Consider search engines. For "traditional" databases (RDBMs and NoSQL), you might have a search engine for videos. A user types in "videos about cats." With stemming and stop words, that becomes "cat."
What the heck is "stemming" and "stop words"? Stemming is the process of taking a word and reducing it to a common form. For example, consider the words run, runs, running, ran, runner, runners. All of those might be stemmed down to the word "run". This way, if someone searches for "videos about running", everything which has those words is a candidate for being returned in search results.
Stop words are different. Stop words are common words like "the," "is," "and," or "of" that search engines often ignore during a search. These words are used so frequently in everyday language that they don't add much meaning to a search query. By ignoring stop words, search engines can focus on the more important keywords in a query, making the search faster and more relevant to what you're actually looking for. However, stop words vary from search engine to search engine. A video search engine won't have "hotel" as a stop word, but a large hotel room rental site will.
Worse, stop words can make a search engine useless. I once stayed in a lovely London hotel named "Hotel 55" and a hotel search engine wouldn't find it, despite it being in the database, because "hotel" was a stop word and the search engine wouldn't index any words under three characters (e.g., "55"). When I tried to fix that by indexing two-character words, it broke the search engine because it started returning too much "junk."
So when our user types "videos about cats" and the search engine searches for "cats," they might see a list of tons of videos about house cats, the unix "cat" command, or "CAT" (various types of construction machinery). What they *won't* get is videos about cheetahs, tigers, lions, and so on, unless someone has laboriously gone through and hand-labeled all of those videos with this metadata. This is a slow, expensive, and error-prone process (been there, done that).
So at their core, traditional databases lets you search for strings of characters.
A vector database, however, lets you search for the *meaning* of your search. "Videos about cats" is such a popular thing that a vector database can take the meaning of your search and return videos about house cheetahs, tigers, lions, and so on, because it knows that those things are cats. It might return a video about the unix cat command, but it will be at such a low relevance that you probably won't display it.

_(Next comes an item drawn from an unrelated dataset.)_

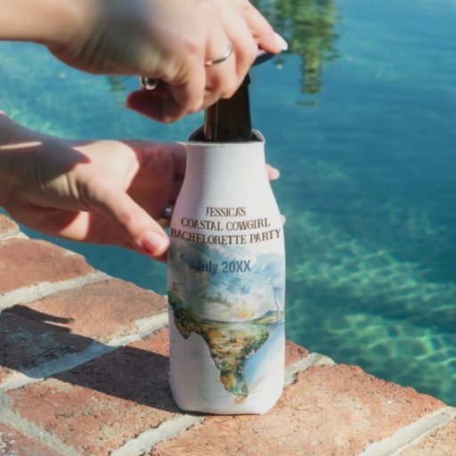 Ring dina kustcowgirl tillsammans för en bachelorette-strand helg. Utformningstemat har en cowgirl som surfar på framsidan. Baksidan har resvägen tillsammans med cowboystövlar och segelceller. Lasso en bra!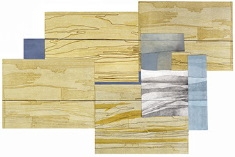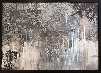 I am interested in the patterns of nature. This monoprint collage is a study of the geological layers that exist in the landscape. The layers are frozen in time, recording the history of a particular place. My eyes are cameras with lenses both microscopic and wide-angled. I record the landscape observant of these opposites. When viewed from a distance, the composition could be seen as a larger landscape, but when inspected closely, the textures and individual layers have more character. This monoprint measures the differences in the landscape, using the horizontal striations balanced by the printed line as a datum.

However, if someone types in "unix cat" or "linux cat", the video about the cat command will probably be the very first response!
Vector databases also allow you to dump unstructured data into your database and make it magically searchable. Much of the work of "normalizing" (designing) a database to conform to 3rd or 5th normal form just goes away. There's still a lot of work needed for vector databases to set them up, manage them, and add optional metadata (for example, for "filtering"), so I don't want to pretend that they're simple, but they serve use cases traditional databases cannot.
Traditional databases are still incredibly valuable, but vector databases are a fundamentally different beast which gives you a power that is very hard to get otherwise.
As a case in point, when I was evaluating using a vector database as a search engine for a client, I searched for "Armageddon", a word I knew was not in the data corpus. It returned a bunch of videos about war, despite me doing *nothing* to try to accommodate that word. A traditional search engine probably can't do that out of the box.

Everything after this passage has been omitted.